Small businesses ask patrons for support
With stay-at-home orders issued across the country, many small business owners are left wondering how they will survive. State and federal governments are doing what they can to help, but some business owners are now asking their patrons for support.
The Small Business Development Center Network has centers across the country. They are working to help business owners and entrepreneurs better understand new programs available to them through the Coronavirus Aid, Relief, and Economic Security (CARES) Act.
Pat Nye with the Los Angeles Small Business Development Center Network says every little thing helps.
"We're encouraging people to, you know, take advantage of small businesses where they might be able to buy gift cards, sending flowers or even shopping ahead for occasions like birthdays and holidays if you can," Nye said.
While many small businesses are now waiting for loans from the government, they're also looking to the community for help, asking them to purchase gift cards, order food or products and contribute to tip jars.

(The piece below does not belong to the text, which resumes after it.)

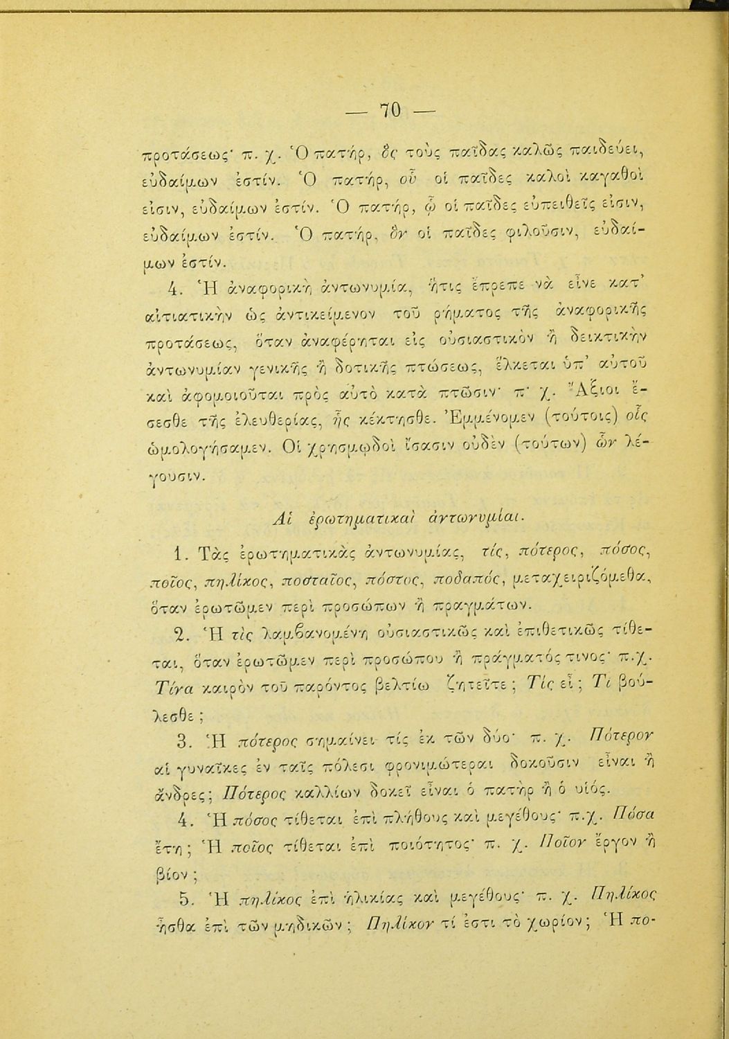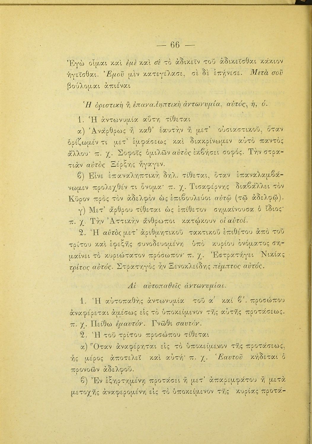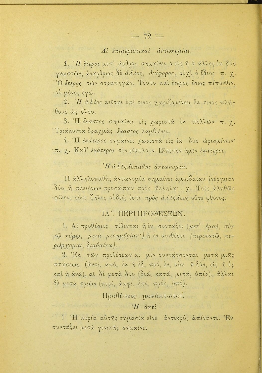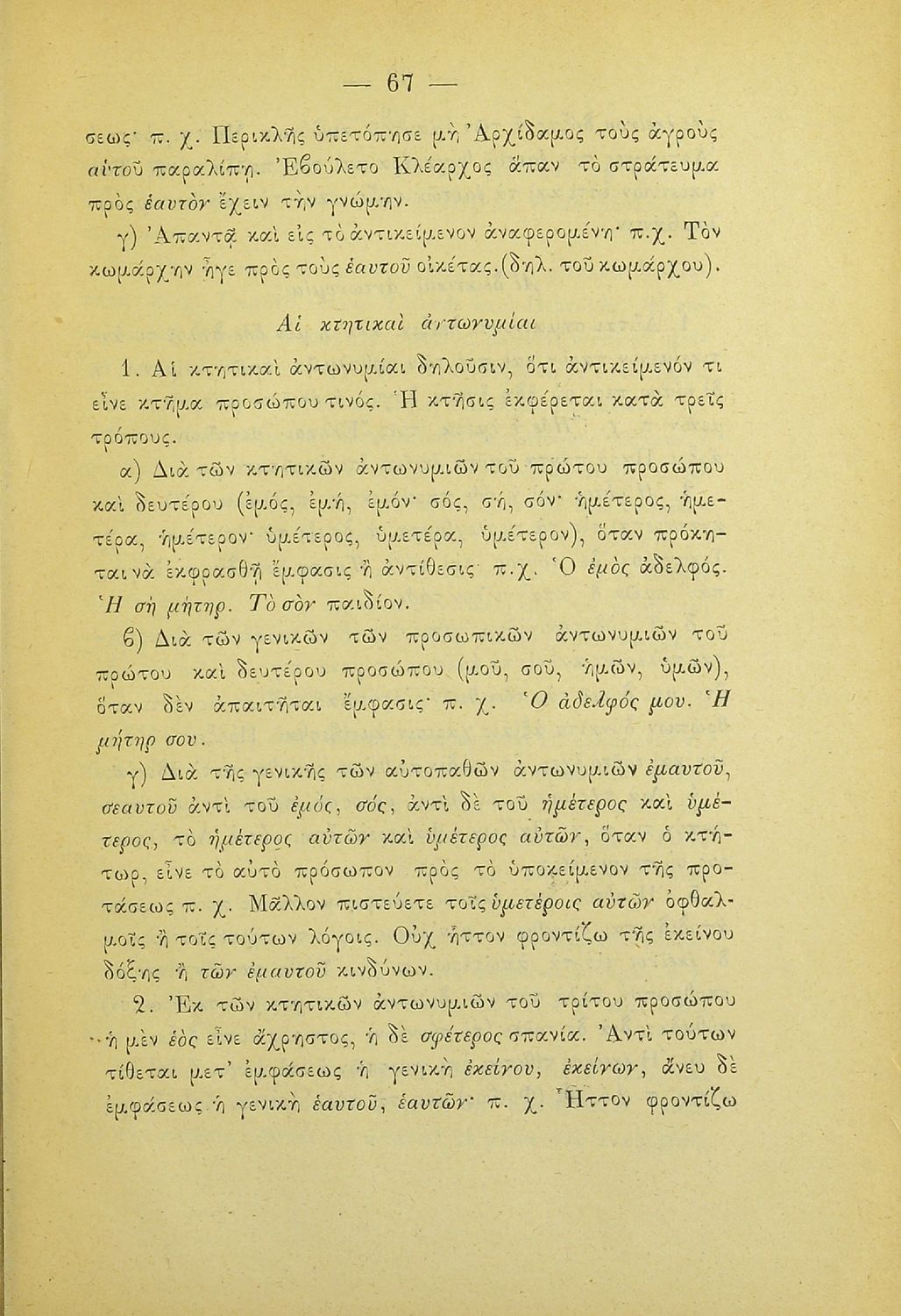 Σχολικό εγχειρίδιο Αρχαίων Ελληνικών για τα Ελληνικά Σχολεία και Παρθεναγωγεία που περιλαμβάνει κανόνες της γραμματικής της αρχαίας ελληνικής και είναι χωρισμένη στο φθογγολογικό και στο τυπολογικό μέρος.

"They need us now more than ever, so we're doing our part," says Jeremy Cudd, who bought 100 small business gift cards to use in the future.
Across the nation, virtual tip jars have started to help employees who have been laid off.
At the Little Door restaurant in Los Angeles, there's an unusual silence that worries general manager Michael Gannon.
"Everybody is going through it, it's devastating. And we're at a loss,” he said.
His empty restaurant is a familiar scene across the country. The only orders are takeout or delivery. Most of the staff has been let go.
"There are four of us now and there were 48 before," Gannon said.
Trina Belton is the owner of Spa Le La, a full-service spa in Los Angeles that offers on-site child care. She says her business came to a halt and right now there aren't many options for revenue.
"I come here, I bag up products with gloves and a mask, and I hand-deliver them to people's houses," Belton said.